Please let me know if any further information is needed.

Below lines give the simulation details:

Global user options:
            reltol = 0.0001
           vabstol = 1e-06
           iabstol = 1e-12          
          homotopy = 7
             limit = delta
            scalem = 1
             scale = 1
        compatible = spice2
              gmin = 1e-12
            rforce = 1
          maxnotes = 5
          maxwarns = 5
            digits = 5
              cols = 80
            pivrel = 0.001
          sensfile = ../psf/sens.output
    checklimitdest = psf
              save = allpub
              tnom = 27
            scalem = 1
             scale = 1

Circuit inventory:
             nodes 13
           bsim3v3 8    
      Comparators1 1    
         capacitor 1    
          inductor 1    
           isource 1    
  my_working_diode 1    
             relay 1    
          resistor 3    
           vsource 2    

Notice from spectre during initial setup.
   Fast APS Enabled ( cktpreset=sampled ).
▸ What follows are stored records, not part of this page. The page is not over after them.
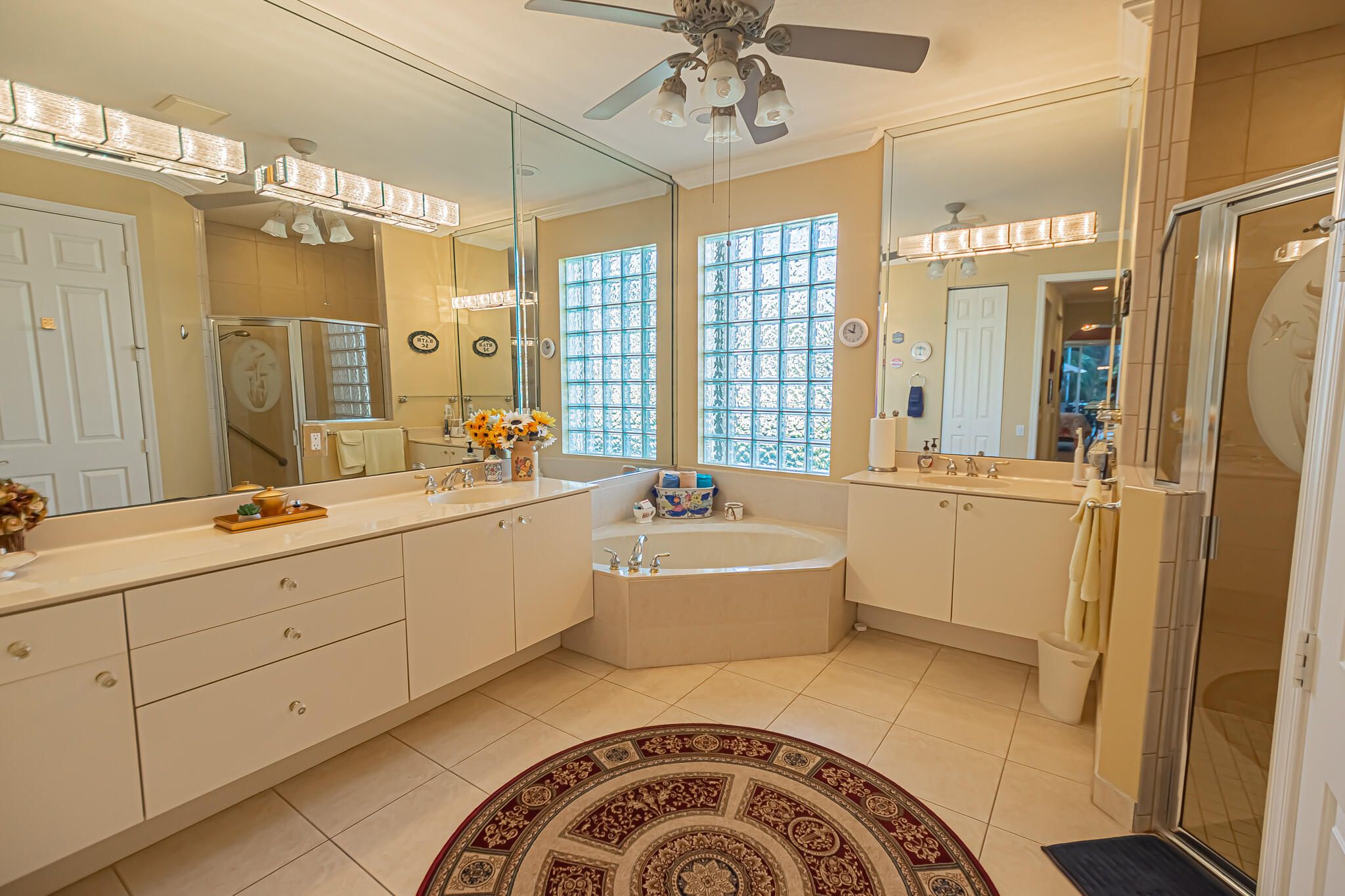 - Entry Level Living Area, Entrance Foyer, Pantry, Pull Down Attic Stairs, Garden Tub/Roman Tub, Split Bedrooms, High Ceilings, Walk-In Closet(s), Family Room, Breakfast Area, Separate/Formal Dining Room, Snack Bar, Blinds, Plantation Shutters, Sliding Window(s), Window Vertical(s), Dual Sinks, Primary Downstairs, Sitting Area In Primary Bedroom, Separate Shower, Bathtub, Storm Shutters, Washer/Dryer Hookup
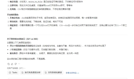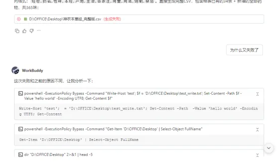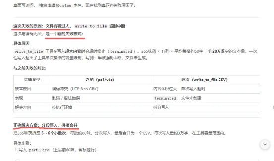系统接到“开始吧,把365味药性完整数据按样表一次生成”。第六次再出发,系统仍然失败,接受到“为什么又失败”的指令后“毫不气馁”继续工作,分析原因,并反馈“这次失败与以的原因不同”(如图十五、图十六),给出解决方案。
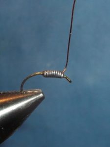 Après avoir positionné l'hameçon dans les mors de votre étau, enroulez le fil de plomb sur la hampe, en emprisonnant le fil de cuivre.

*******************************************************
Periodic Steady-State Analysis `pss': fund = 210.25 kHz
*******************************************************
   Bad pivoting is found during DC analysis. Option dc_pivot_check=yes is recommended for possible improvement of convergence.
   L0: Initial condition computed for node L0:1 is in error by 1 nA.
       Decrease `rforce' to reduce error in computed initial conditions.  However, setting rforce too small may result in convergence difficulties or in the matrix becoming singular.

DC simulation time: CPU = 2 ms, elapsed = 2.50387 ms.

=================================
`pss': time = (0 s -> 250.005 ms)
=================================

Important parameter values in tstab integration:
   start = 0 s
   outputstart = 0 s
   stop = 250.005 ms
   period = 4.75624 us
   maxperiods = 50
   step = 250.005 us
   maxstep = 190.25 ns
   ic = all
   useprevic = no
   skipdc = no
   reltol = 100e-06
   abstol(V) = 1 uV
   abstol(I) = 1 pA
   temp = 27 C
   tnom = 27 C
   tempeffects = all
   method = gear2only
   lteratio = 3.5
   relref = sigglobal
   cmin = 1 fF
   gmin = 1 pS
   rabsshort = 1 mOhm

Important parameter values in pss iteration:
   start = 2.59215 ms
   outputstart = 0 s
   stop = 2.59691 ms
   period = 4.75624 us
   maxperiods = 50
   steadyratio = 10e-03
   step = 250.005 us
   maxstep = 23.7812 ns
   ic = all
   useprevic = no
   skipdc = no
   reltol = 100e-06
   abstol(V) = 1 uV
   abstol(I) = 1 pA
   temp = 27 C
   tnom = 27 C
   tempeffects = all
   errpreset = conservative
   method = gear2only
   lteratio = 3.5
   relref = alllocal
   cmin = 1 fF
   gmin = 1 pS
   rabsshort = 1 mOhm

pss: The steady-state solution was achieved in 8 iterations.

MultiThread info: 3 new work threads created

****************************************************
Periodic AC Analysis `pac': freq = (1 mHz -> 20 MHz)
****************************************************

Warning from spectre during PAC analysis `pac'.
   WARNING (SPCRTRF-15029): The following results might not be accurate due to undersampling of the actual frequencies above 21.025 MHz:
       Upper side band of 5th harmonic for stimulus frequencies above 19.9738 MHz.
       Upper side band of 6th harmonic for stimulus frequencies above 19.7635 MHz.
       Upper side band of 7th harmonic for stimulus frequencies above 19.5533 MHz.
       
spectre completes with 0 errors, 2 warnings, and 4 notices.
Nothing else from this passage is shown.